There are some nice reviews on the internet and some decent walkthroughs as well as some untested, not-endorsed sources for downloading the game itself and some tips about playing the game with DOSBox.

Bob Thornbrook wrote a well-researched article about the game’s development, based in interviews with lots of the team who worked on it. Unfortunately, the host site seems to have gone offline since it was first published in 2017 but there’s a copy of the article on the Internet Archive.

There’s also a very detailed, in-depth interview with me about the game in the Abandoned Times August 2015 edition.

Game design documents

Anyhow, I discovered the original game design proposal in my archives (otherwise known as the heap of papers under the bed) and I have scanned them to share with any fans and the people who worked on the game. All hail Ken Heywood and Richard Guy!

Download the original game proposal (2MB PDF file). This was the short pitch document that we sent to publishers to try to persuade them to commission the game, which was called Raptor during development. (You’ll need to rotate the page in PDF viewer or print it out as it’s in landscape format.)
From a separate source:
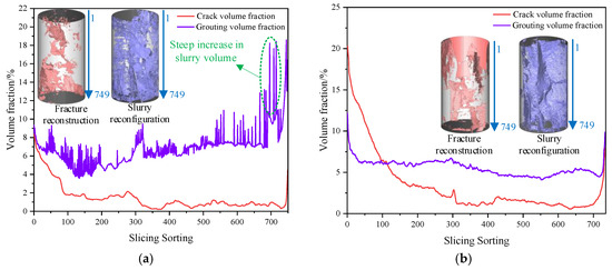 - The three-dimensional CT scanning and reconstruction results indicate that when the enhancer content is low, the edge regions of the fractured limestone specimens exhibit a higher volume fraction of fractures and a lower volume fraction of the grout matrix. However, the overall volume fraction of the grout matrix is greater than that of the fractures. When the enhancer content is high, the grout matrix is mainly distributed in the fractures at the edges of the specimens. At the same time, the internal regions have a lower volume fraction of the grout matrix. In this case, the volume fraction of the grout matrix is significantly smaller than that of the fractures. When the mass fraction of the enhancer is 15.00 wt.%, the volume fraction of the grout matrix inside the specimen reaches its maximum (13.91%), with the volume fraction of fractures being only 0.66%.

Download the original game design documents: part 1 part 2 and part 3 (4-8MB PDF files). This is the original detailed design. At this point in the game’s development, we were planning a mix of Myst-like pre-rendered 2D graphics and live video rendered on top of it for character interaction. The game ended up being a fully-3D project instead. We also created a board game version and the rules and map are on page 90+.